Stored items:
• • • • • • •

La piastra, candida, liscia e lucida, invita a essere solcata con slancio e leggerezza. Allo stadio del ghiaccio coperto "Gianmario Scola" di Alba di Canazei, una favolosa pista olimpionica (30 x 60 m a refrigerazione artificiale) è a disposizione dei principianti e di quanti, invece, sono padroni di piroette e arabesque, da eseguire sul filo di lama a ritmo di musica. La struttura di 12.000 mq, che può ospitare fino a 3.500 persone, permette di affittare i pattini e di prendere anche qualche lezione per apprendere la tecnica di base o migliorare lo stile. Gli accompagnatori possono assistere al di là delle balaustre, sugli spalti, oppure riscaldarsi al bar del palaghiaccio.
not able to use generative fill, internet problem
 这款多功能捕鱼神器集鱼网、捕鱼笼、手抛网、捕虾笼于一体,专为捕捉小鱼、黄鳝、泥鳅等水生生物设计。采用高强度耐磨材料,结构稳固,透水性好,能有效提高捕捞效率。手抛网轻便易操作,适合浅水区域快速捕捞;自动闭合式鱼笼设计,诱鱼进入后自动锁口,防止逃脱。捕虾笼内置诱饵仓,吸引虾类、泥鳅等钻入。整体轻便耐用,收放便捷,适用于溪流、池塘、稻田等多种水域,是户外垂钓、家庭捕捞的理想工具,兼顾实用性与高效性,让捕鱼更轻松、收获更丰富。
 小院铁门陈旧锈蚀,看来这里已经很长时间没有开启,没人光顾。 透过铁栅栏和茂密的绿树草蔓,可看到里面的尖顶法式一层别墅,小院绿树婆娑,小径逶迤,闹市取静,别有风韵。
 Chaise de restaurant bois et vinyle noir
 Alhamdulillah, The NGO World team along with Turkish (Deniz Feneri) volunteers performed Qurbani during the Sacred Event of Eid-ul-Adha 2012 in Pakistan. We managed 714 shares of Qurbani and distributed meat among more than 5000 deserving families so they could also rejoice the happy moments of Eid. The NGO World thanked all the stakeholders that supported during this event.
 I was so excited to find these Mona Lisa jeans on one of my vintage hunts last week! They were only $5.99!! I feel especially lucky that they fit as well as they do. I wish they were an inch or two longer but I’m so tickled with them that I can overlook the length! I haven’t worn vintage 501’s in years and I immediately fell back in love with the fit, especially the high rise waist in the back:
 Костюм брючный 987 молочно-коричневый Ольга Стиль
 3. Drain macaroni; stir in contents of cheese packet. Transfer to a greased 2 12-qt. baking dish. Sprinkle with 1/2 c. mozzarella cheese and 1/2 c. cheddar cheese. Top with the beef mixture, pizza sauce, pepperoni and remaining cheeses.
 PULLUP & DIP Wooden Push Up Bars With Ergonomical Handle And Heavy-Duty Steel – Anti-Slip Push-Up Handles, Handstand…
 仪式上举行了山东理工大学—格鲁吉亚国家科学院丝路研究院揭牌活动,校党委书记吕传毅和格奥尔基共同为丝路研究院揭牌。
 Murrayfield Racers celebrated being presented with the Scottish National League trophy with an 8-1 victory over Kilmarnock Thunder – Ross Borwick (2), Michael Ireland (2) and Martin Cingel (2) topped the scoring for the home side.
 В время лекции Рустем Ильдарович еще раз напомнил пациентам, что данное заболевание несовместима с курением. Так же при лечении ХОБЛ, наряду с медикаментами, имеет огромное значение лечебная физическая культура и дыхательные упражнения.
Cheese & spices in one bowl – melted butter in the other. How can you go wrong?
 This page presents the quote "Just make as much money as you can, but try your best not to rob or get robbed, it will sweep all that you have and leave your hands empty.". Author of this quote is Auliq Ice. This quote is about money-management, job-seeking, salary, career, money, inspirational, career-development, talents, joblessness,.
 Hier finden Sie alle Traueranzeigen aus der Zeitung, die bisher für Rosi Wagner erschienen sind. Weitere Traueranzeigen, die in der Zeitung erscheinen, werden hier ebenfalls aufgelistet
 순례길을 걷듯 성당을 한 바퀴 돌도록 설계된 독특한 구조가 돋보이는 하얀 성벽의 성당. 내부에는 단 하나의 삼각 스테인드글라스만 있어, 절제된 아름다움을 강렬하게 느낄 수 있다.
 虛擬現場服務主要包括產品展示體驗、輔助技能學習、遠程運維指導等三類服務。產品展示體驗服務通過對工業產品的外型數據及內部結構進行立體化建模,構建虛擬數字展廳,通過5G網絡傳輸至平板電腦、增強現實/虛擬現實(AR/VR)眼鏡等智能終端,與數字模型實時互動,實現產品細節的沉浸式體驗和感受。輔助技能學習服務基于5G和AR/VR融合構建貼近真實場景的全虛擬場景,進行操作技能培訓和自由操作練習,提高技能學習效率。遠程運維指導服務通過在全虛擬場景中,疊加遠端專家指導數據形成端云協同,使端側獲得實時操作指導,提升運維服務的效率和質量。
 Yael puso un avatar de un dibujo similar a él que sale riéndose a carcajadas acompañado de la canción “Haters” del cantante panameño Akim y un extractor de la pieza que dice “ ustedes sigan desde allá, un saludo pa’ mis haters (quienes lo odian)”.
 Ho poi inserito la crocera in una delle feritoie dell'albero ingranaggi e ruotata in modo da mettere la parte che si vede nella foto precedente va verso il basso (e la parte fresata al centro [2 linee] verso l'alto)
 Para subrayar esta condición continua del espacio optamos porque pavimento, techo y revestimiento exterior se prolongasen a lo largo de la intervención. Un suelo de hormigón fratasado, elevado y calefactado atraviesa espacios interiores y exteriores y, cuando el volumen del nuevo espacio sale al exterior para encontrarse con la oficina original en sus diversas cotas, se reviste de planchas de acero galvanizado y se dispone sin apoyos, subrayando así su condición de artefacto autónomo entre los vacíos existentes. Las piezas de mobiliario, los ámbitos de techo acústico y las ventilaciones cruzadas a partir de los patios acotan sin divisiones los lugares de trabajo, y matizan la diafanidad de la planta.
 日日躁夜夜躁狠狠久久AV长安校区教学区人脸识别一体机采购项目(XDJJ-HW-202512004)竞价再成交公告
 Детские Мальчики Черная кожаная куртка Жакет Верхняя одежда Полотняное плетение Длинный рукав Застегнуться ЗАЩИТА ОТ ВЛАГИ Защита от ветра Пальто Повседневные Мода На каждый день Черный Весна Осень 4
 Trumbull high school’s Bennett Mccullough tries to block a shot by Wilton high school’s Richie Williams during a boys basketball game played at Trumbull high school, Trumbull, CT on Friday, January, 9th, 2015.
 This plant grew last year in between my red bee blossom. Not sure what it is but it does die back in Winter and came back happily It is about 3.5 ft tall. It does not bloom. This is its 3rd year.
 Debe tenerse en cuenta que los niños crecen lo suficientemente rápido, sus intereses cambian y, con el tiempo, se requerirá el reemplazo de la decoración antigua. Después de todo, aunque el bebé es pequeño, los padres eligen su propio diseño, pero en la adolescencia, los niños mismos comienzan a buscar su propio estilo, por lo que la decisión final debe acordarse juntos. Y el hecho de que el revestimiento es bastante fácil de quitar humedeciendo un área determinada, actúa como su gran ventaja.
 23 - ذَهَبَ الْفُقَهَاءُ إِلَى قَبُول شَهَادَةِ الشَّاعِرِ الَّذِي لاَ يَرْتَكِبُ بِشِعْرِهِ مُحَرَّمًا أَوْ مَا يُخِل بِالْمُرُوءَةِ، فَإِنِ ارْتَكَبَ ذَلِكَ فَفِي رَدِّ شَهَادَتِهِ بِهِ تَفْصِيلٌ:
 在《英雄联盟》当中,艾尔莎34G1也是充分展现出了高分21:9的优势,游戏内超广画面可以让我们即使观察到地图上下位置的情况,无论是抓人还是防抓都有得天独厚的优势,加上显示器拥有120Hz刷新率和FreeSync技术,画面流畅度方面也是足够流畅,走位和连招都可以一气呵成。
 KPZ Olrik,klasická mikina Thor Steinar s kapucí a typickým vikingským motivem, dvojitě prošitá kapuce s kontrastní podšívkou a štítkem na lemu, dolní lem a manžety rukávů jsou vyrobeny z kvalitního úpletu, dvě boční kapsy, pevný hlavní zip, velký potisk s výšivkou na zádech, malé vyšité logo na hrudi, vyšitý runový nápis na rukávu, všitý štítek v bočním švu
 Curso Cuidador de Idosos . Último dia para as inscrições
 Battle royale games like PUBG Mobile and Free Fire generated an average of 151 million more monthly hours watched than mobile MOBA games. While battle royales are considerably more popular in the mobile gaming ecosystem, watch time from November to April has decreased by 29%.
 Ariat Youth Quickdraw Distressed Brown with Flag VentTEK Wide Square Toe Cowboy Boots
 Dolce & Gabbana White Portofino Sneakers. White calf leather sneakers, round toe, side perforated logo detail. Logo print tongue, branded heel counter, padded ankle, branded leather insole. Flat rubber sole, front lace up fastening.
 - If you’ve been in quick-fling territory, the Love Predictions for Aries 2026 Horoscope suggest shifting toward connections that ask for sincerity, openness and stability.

• • • • • • •

Exercise aim: Copy the lines that hold the word "about". Take them from the records above.

Task answer:
 This page presents the quote "Just make as much money as you can, but try your best not to rob or get robbed, it will sweep all that you have and leave your hands empty.". Author of this quote is Auliq Ice. This quote is about money-management, job-seeking, salary, career, money, inspirational, career-development, talents, joblessness,.
 This plant grew last year in between my red bee blossom. Not sure what it is but it does die back in Winter and came back happily It is about 3.5 ft tall. It does not bloom. This is its 3rd year.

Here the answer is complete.